Loud Valley filled The Dropp’s stage at the local gay bar Paradise with everything OYGF could stand for. Great sounds, real people, the Orlando feel, it was even the only stage thus far where dancing ensued. Loud Valley is a concoction of men that are so cohesive in their sound even the trumpet slithers through its notes with eloquence. Such a close knit atmosphere that the band members were shouting out drink orders and fans were running them over.

At the largest venue of the festival we were privy to San Diego band Mrs Magician, we even spoke to these handsome men on the side which we’ll be telling you more about later. Their songs are calleoused rock lullabies that are understated in their presence, you don’t realize how absorbing their sound is until they stop and you’re left in the wake of an unwelcome silence. They escaped the Cali local music scene to open for Cults on their tour, don’t hesitate to catch them when they make it to your town.

Grandchildren took over The Dropp’s stage, and I got my hands on their album.  I’m pretty sure my car can recite the lyrics by now since I’ve played it incessantly, beginning with my 3 hour drive back home from the festival. Who knew a group of six men could rattle so much. Their folky instruments rocked so hard between the reverberating synth and man-croons. There wasn’t much of a crowd but those that were there left with a gem, and now you can have it too!

The Dropp’s stage was on point, and they knew what they were doing when they booked Praything. It is incredibly hard to feel them online, but when you’re standing in front of the keyboardist as he throws his body with such liberality it would make a chiropractor cry. It gives you a whole new angle on them. Their heartfelt tales are sway-worthy and sugar-coated with a foggy, spacey style that sounds like a tape recording. Preciously endearing.

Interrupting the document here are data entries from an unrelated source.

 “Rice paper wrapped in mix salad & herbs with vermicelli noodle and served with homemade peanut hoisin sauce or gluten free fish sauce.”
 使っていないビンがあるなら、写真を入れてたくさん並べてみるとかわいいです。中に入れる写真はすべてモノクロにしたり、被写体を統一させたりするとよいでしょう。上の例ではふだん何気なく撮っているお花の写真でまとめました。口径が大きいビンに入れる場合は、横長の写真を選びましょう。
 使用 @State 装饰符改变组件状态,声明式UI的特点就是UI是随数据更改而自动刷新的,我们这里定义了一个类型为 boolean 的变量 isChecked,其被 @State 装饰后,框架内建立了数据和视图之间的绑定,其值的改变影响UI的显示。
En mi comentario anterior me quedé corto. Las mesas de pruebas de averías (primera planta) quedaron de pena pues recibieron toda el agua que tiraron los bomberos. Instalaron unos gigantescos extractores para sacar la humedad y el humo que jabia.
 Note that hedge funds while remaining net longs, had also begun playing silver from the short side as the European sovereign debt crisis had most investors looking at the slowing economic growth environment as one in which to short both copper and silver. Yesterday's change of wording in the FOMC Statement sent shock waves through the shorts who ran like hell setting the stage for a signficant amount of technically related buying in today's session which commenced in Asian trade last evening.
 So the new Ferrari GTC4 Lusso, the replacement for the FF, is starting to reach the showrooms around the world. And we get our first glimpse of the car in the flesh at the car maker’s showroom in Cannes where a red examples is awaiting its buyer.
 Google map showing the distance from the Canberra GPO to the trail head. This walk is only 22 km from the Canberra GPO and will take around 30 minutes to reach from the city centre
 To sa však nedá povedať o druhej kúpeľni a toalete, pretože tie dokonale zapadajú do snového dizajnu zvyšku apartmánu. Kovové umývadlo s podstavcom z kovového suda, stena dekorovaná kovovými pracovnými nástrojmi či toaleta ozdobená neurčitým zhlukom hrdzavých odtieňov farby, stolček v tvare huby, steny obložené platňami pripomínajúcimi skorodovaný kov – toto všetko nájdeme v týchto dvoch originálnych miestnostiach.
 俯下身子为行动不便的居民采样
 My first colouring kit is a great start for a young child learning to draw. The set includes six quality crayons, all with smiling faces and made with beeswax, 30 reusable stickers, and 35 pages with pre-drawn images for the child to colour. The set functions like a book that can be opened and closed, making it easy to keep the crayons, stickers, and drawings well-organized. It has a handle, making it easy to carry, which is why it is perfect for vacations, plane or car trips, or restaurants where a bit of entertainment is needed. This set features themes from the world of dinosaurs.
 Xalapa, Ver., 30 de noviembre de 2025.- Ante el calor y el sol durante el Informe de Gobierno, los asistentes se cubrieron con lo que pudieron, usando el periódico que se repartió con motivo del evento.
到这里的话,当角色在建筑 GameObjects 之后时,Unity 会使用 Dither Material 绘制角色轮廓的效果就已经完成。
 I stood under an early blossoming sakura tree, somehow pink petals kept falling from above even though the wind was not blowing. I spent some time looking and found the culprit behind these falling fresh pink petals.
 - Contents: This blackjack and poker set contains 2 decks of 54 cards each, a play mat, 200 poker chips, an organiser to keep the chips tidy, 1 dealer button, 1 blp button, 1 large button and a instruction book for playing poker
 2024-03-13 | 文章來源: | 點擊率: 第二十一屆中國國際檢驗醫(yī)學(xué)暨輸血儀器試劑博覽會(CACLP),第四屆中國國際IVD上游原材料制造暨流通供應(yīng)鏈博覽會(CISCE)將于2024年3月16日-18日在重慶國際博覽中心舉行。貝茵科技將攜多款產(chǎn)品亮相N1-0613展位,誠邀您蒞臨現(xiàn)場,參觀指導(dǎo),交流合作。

XXYYXX is a 16 year old producer from Orlando who had no problem opening up the large outdoor stage for the final day of the festival. His witchhouse reminiscence sounds that go along with his flares of tempo are consuming. If you keep close with his social media he releases new tracks almost every day, and one has yet to fall below any expectations. working alongside friends around his age and skill level he is hailing from Relief In Abstract Records, soon to be mailing out his newest creations on vinyl. And maybe one day his mom can drive him down south for a few shows

Day Joy. Being the twin-sister band of Loud Valley (almost the exact same group of friends in both bands) the sound was similar yet strikingly its own. With lead singer Michael tearing his little heart out into the the vocals that occasionally turned into bleeding wails there were a few moist eyes in the cafe-turned-stage. Their sound was a vagrant, changing through light ukulele, brassy trumpet pipes and multiple sets of drums that so slyly melded you wouldn’t have noticed the folksy menu of instruments. Animal Noise started off with just that, a soundscape of animal calls and creeps. Even the personnel supposed to be stationed outside had milled in for the set. The crowd applauded and whistled for a solid 5 minutes as the band finished and until they broke down and were barraged with embraces form the crowd. Maybe they were a bit biased since band creator Peter Percival is such a presence in the community there, his own house being the after-party staple for the entirety of the festival. Either way, their sound was undeniably refreshing, and addicting. All we have for now is a 4 song EP, of which the band is throwing downloads around all over the place, and we’re eagerly expecting more.